What you hand back must match the records word for word, with no pictures.

* Extracted records *
++++++++

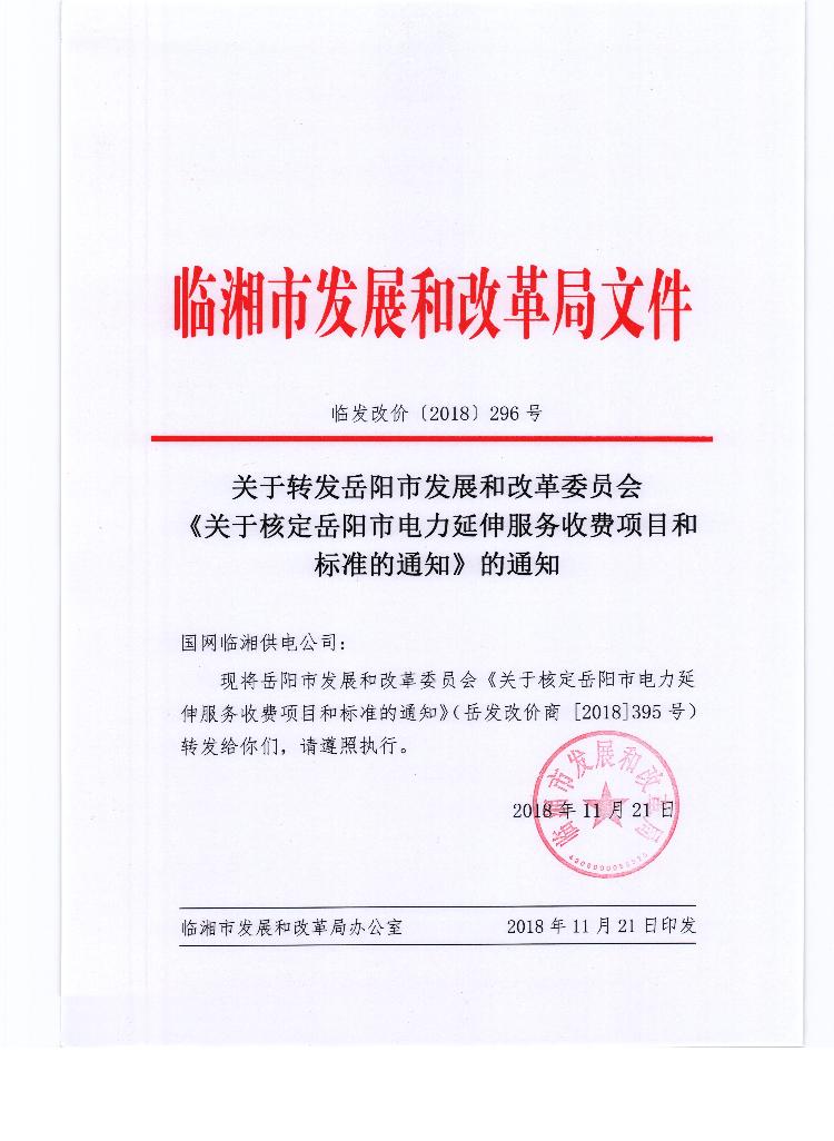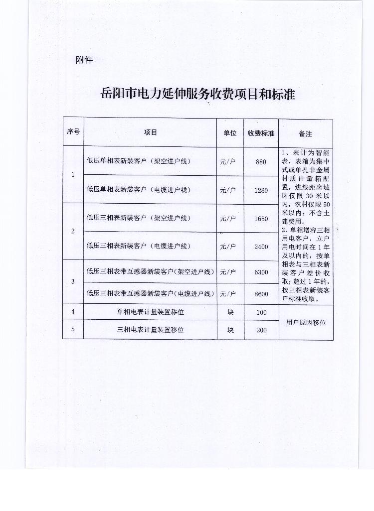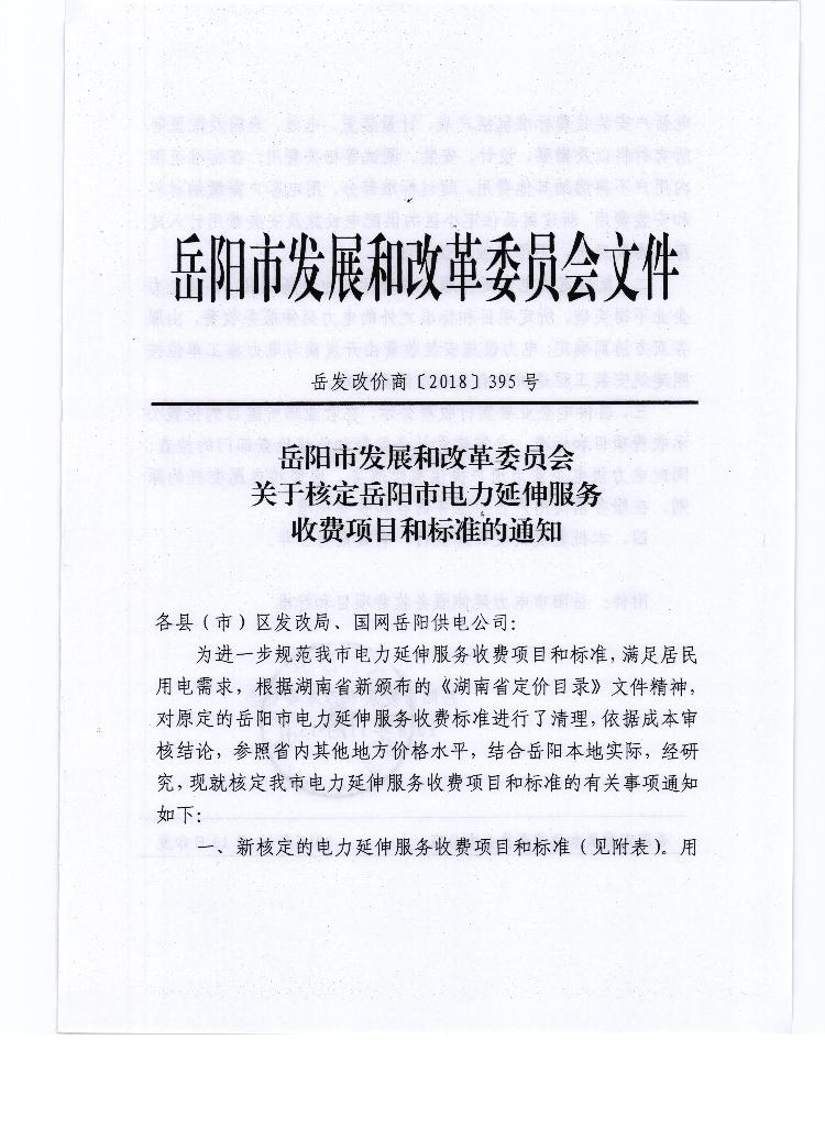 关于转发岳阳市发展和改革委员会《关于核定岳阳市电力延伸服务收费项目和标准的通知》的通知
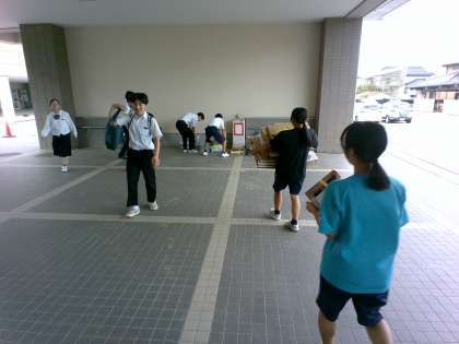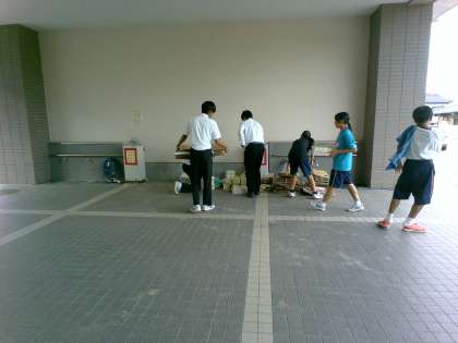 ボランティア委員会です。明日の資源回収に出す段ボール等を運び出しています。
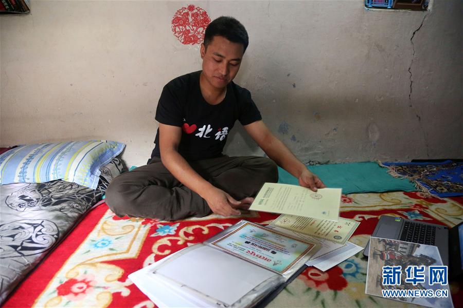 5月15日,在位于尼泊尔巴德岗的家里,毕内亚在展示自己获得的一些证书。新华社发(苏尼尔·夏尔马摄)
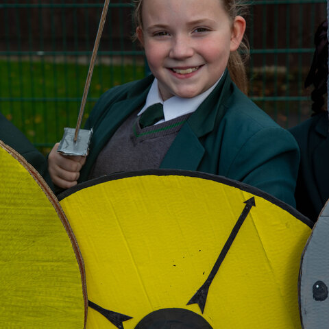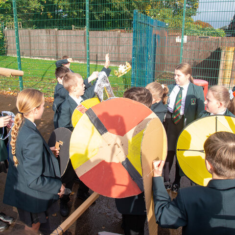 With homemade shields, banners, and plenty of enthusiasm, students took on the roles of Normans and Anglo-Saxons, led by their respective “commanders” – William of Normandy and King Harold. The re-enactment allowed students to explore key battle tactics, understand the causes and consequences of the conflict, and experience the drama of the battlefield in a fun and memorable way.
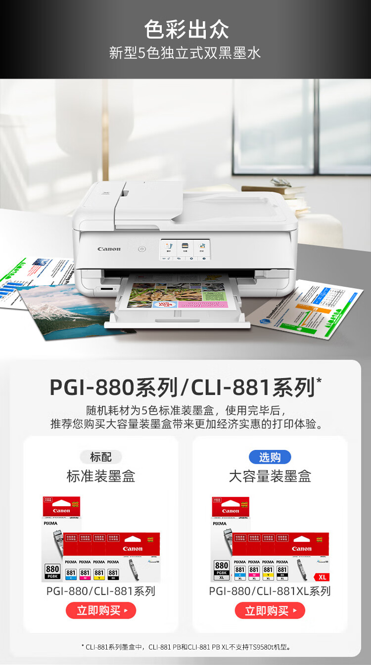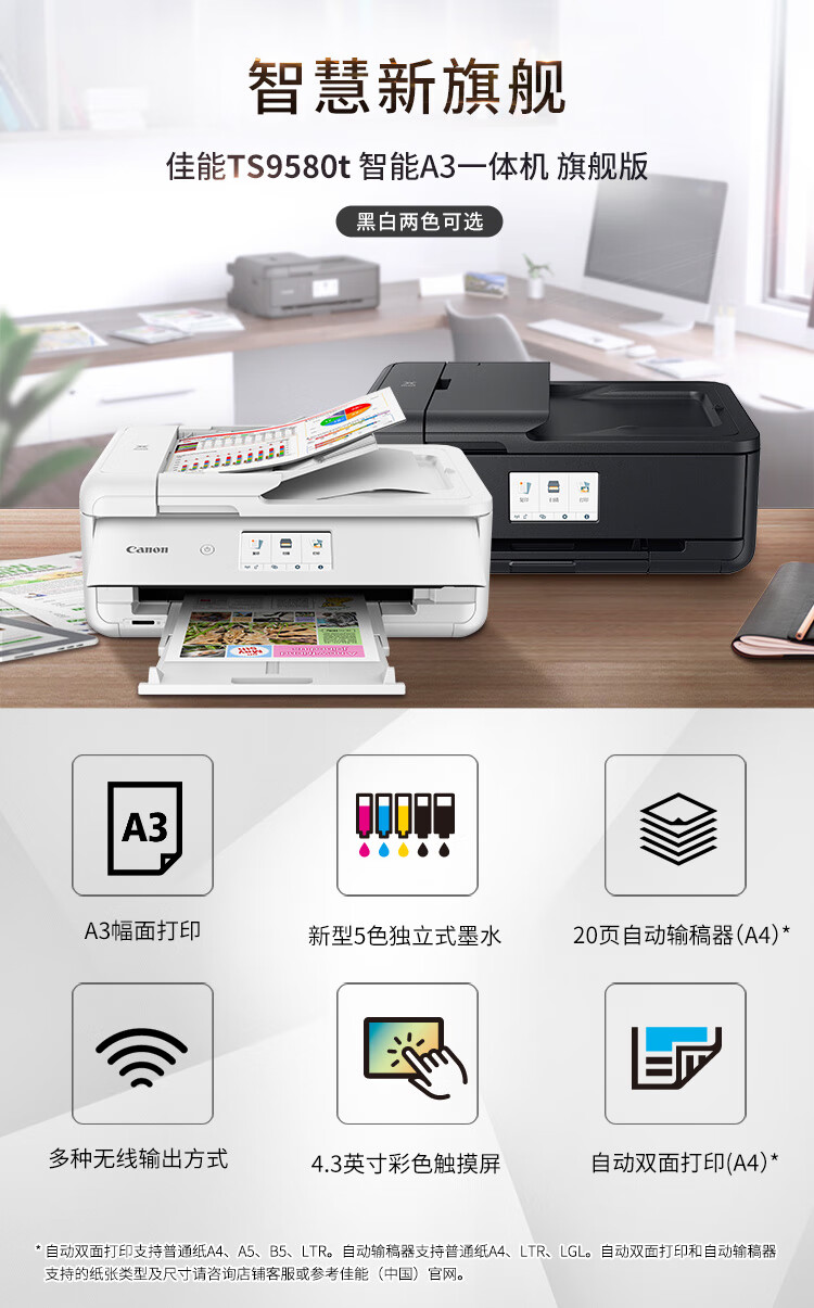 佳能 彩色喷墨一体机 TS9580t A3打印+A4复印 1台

++++++++

* Exercise answer *
 关于转发岳阳市发展和改革委员会《关于核定岳阳市电力延伸服务收费项目和标准的通知》的通知
 ボランティア委員会です。明日の資源回収に出す段ボール等を運び出しています。
 5月15日,在位于尼泊尔巴德岗的家里,毕内亚在展示自己获得的一些证书。新华社发(苏尼尔·夏尔马摄)
 With homemade shields, banners, and plenty of enthusiasm, students took on the roles of Normans and Anglo-Saxons, led by their respective “commanders” – William of Normandy and King Harold. The re-enactment allowed students to explore key battle tactics, understand the causes and consequences of the conflict, and experience the drama of the battlefield in a fun and memorable way.
 佳能 彩色喷墨一体机 TS9580t A3打印+A4复印 1台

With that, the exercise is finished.